月刊誌『おとなの週末』で好評連載中の「口福三昧(こうふくざんまい)」は、漫画家のラズウェル細木さんが、試行錯誤を繰り返しながら食を楽しむ様子を描いた漫画エッセイです。連載をまとめた単行本『ラズウェル細木の漫画エッセイ グルメ宝島 美味しい食の探検へ』(講談社ビーシー/講談社)から収録作品を公開します。ラズウェルさんの“自作解説”とともに、お楽しみください。

まちがってソースをかけたときの対処法 ラズウェル細木の漫画エッセイ『グルメ宝島』(19)

ドーンと出て来たビーフステーキ、これぞNYを代表する名物

『グルメ宝島』所収の作品は、今回が最後です。2016年10月に訪れた米ニューヨークの旅行記。

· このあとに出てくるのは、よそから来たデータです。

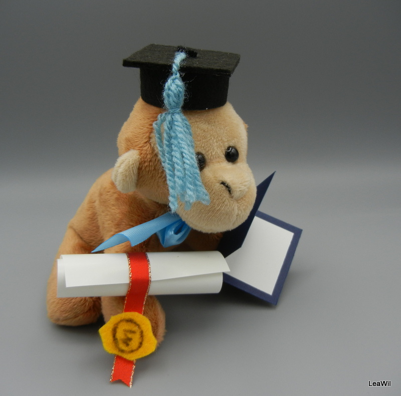 plyšák/dárek za promoci či maturitu, vysvědčení nebo důležitou zkoušku, každý plyšák má dělanou promoční čepičku na míru z filcu a střapec z vlny, saténovou mašličku na krku, diplom z ozdobné stuhy s "pečetí", papír křídový, vyjímatelný z očka stuhy, lze na něj tedy napsat/nakreslit přání, gratulaci a pod. a zpět stočit a vložit

ラズウェルさんと、漫画家の大先輩の国友やすゆきさん(2018年、65歳で死去)ら男計3人が、世界の大都市ニューヨークで朝昼晩と食べ歩く様子が描かれています。ラズウェルさんにとって、30年ぶりのニューヨークだったようです。

「ニューヨークは久々だったんですけども。昔、行ったときは円ドルのレートも違っていて、ものすごい貧乏旅行だったこともあり、あんまり美味しいものを食べた記憶がなかったんです。今回は、食べることを中心に旅行しまして。さすが、世界の大都会、美味しいものがあるねという感じなんです。そもそもが、アメリカの料理自体に、もともといいイメージがないわけですよね。ハンバーガーとステーキぐらいしか。でも、それなりに、意識して探すと、美味しいものが、いろいろとあるんです」

ラズウェルさんがこう振り返るように、漫画では滞在した6日間の食事がそれぞれ紹介されます。「旨〜い!」と特別感動した様子だったのが、帰国前夜の滞在5日目の夕食。ニューヨークの繁華街、タイムズスクエアにあるステーキレストランで食べた「ポーターハウス」(フィレ肉多めのTボーンステーキ)です。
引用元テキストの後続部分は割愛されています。